- Born: David Harold Dornsife c. 1944
- Education: University of Southern California
- Occupations: Businessman, philanthropist
- Spouse: Dana Dornsife
- Children: 6
- Parent(s): Harold & Ester Dornsife

= David H. Dornsife =

David H. Dornsife (born c. 1944) is an American businessman and philanthropist from California. He serves as the Chairman of the Herrick Corporation, a steel corporation. With his wife, Dana Dornsife, he donated US$200 million to his alma mater, the University of Southern California in Los Angeles, California, where the Dornsife College of Letters, Arts and Sciences was named in their honor. The Dornsifes also support charitable causes in Africa.

==Early life==
David Harold Dornsife was born c. 1944. Both his parents, Harold Dornsife and Ester (née Peterson), graduated from the University of Southern California (USC) in Los Angeles, California; they were also generous donors.

Dornsife graduated with a Bachelor of Business Administration from the University of Southern California in 1965. At USC, he was a member of the Kappa Alpha Order fraternity.

==Career==
Dornsife started his career at Granite Construction in Watsonville, California. He also worked for M.M. Sundt Construction in Tucson, Arizona.

Dornsife joined the Herrick Corporation, a steel corporation, in 1977. He serves as its chairman. Until 2008 he served as the Chairman of the Gillig Corporation, a manufacturer of transit buses.

==Philanthropy==
Dornsife serves on the Board of Trustees of his alma mater, the University of Southern California. He also serves as chairman of the Board of the USC Brain and Creativity Institute. In 2011, Dornsife and his wife donated $200 million to USC. As a result, the College of Letters, Arts and Sciences was renamed in their honor. They also pledged US$2.5 million to the Bennett S. LeBow College of Business at Drexel University. In 2015, they pledged another $45 million to the Drexel University School of Public Health; in response, the school has officially changed its name to the Dornsife School of Public Health.

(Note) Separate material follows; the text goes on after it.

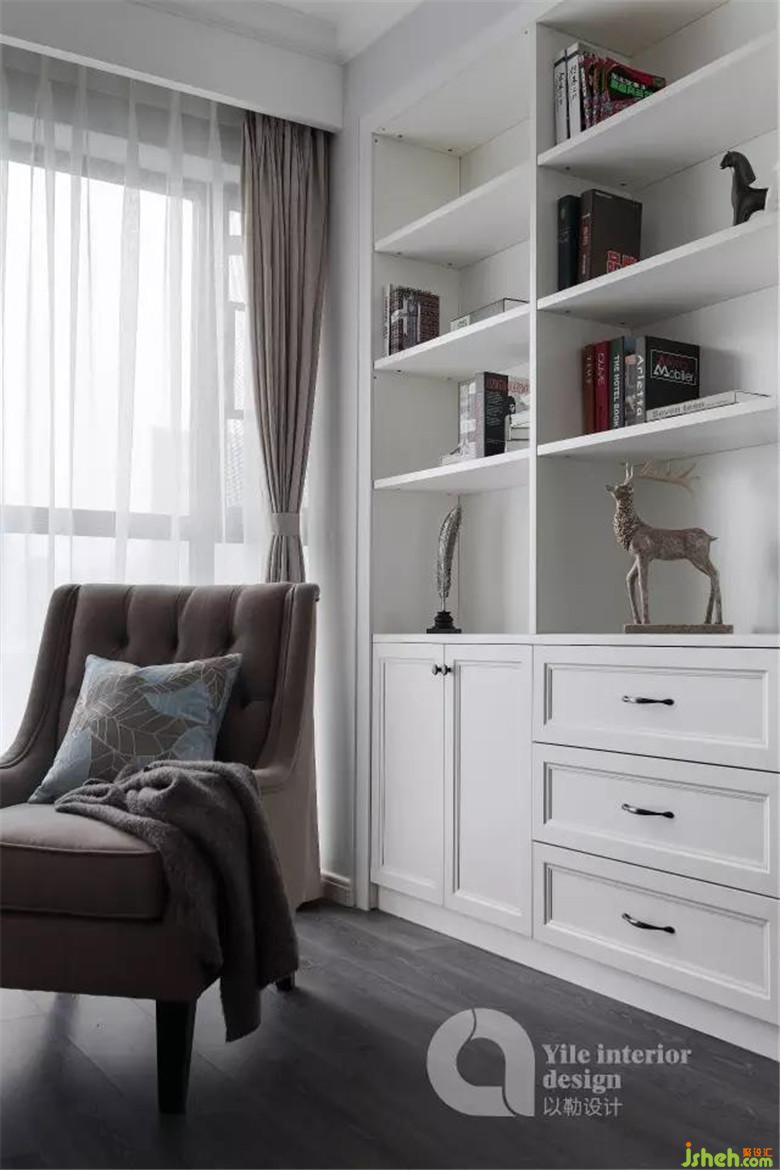 書房一入眼就是白色的柜子,室內(nèi)設(shè)計師搭配暗灰色的地板,感覺空靈與寧靜。

With his wife, Dornsife has made charitable contributions to World Vision, whereby they support bringing water, sanitation and hygiene to 25 countries in Africa. In 2016 they received a World Vision Water Warrior Award for helping to bring water, sanitation and hygiene to 10,066,000 people since 1990. Additionally, they serve as council members of Yosemite Conservancy.

In late 2021, Dana and David Dornsife donated $10 million to Whitworth University in Spokane, Washington to fund the Dana & David Dornsife Health Sciences Building. This state-of-the-art 38,000 square-foot new facility will house Whitworth's Doctor of Physical Therapy (DPT), Doctor of Occupational Therapy (OTD), and Master of Science (MS) in Athletic Training graduate degree programs.

==Personal life==
David Dornsife is married to Dana Dornsife (née L'Archevesque), an interior designer and philanthropist. Dana is also the president and founder of Lazarex Cancer Foundation, a non-profit organization that helps advanced-stage cancer patients find and access treatment through FDA clinical trials. They have six children and reside in Danville, California.